If you don't need to use the language except for a one week tour (where you are still mostly with people who speak your language) this is good enough. However if you are suddenly without ability to communicate you probably can't suddenly learn fast enough to combat decline.


This seems to be backed up by a lot of other things. Social activity especially seems to be useful for preventing decline.


Fun fact: auditory signals are the fastest path to human reflexes, way faster than vision. I forget the exact numbers, but visual reactions are on the order of 300ms whereas auditory reactions are sub 100 IIRC. Feel free to correct me if anyone can find numbers.

So all those blind fights in the matrix cartoons or daredevil are sill, but not quite as silly as you might have expected. There is actually a significant reaction time advantage. But good look hearing a sword swing at your face vs your leg lol


There is a difference, but not that dramatic. You can try it on yourself here - https://playback.fm/audio-reaction-time


There's a lot more between the actions there image to display, mouse to computer that have nothing to do with internal meatbag reactions. Especially when we're already measuring in milliseconds.


I'm referring to the paper cited in the linked site, which quotes about 50ms of difference in reaction time between auditory and visual, not 200ms like stated in the comment above.


Seems rather unsurprising, given what we already know of the brain. Though I guess specific studies like this is more actionable.

Good thing hearing aids have become more affordable lately, from over-the-counter models to DIY style using cheap microcontrollers for developing countries.
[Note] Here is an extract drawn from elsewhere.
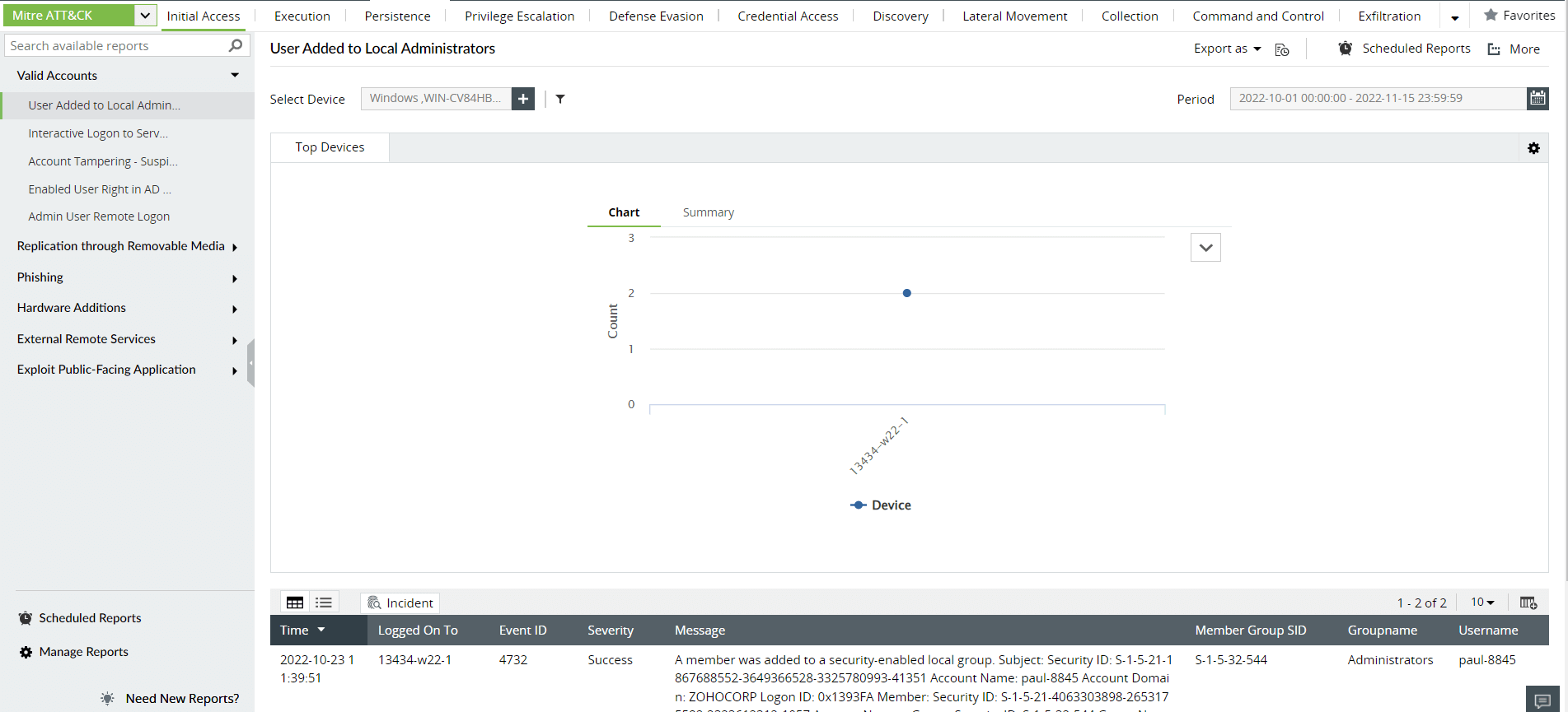 Figure 2: MITRE ATT&CK reports in Log360, ManageEngine's comprehensive SIEM solution

What about people who are completely deaf since birth?


Different mechanisms, you’re born with ~100x the amount of neurons you’ll have as an adult, those normally used for hearing get adapted and trained on other stimuli.


Make sure their glasses prescriptions are up to date & that they are engaged with the world (and not slipping away) too.


There is no pre-existing neutral training in a newborn's brain.

Adults who become deaf lose a stimulus that their brains are already trained to use.


I would assume they compensate with other senses and so if they get blind at high age they are at equal risk.


Alternate headline: people who take actions to be more social slow cognitive decline.


Yes, but this is also a very concrete solution to encourage people to take more actions.


It's not that simple. If you have hearing problems it can be quite difficult to be social no matter how hard you try.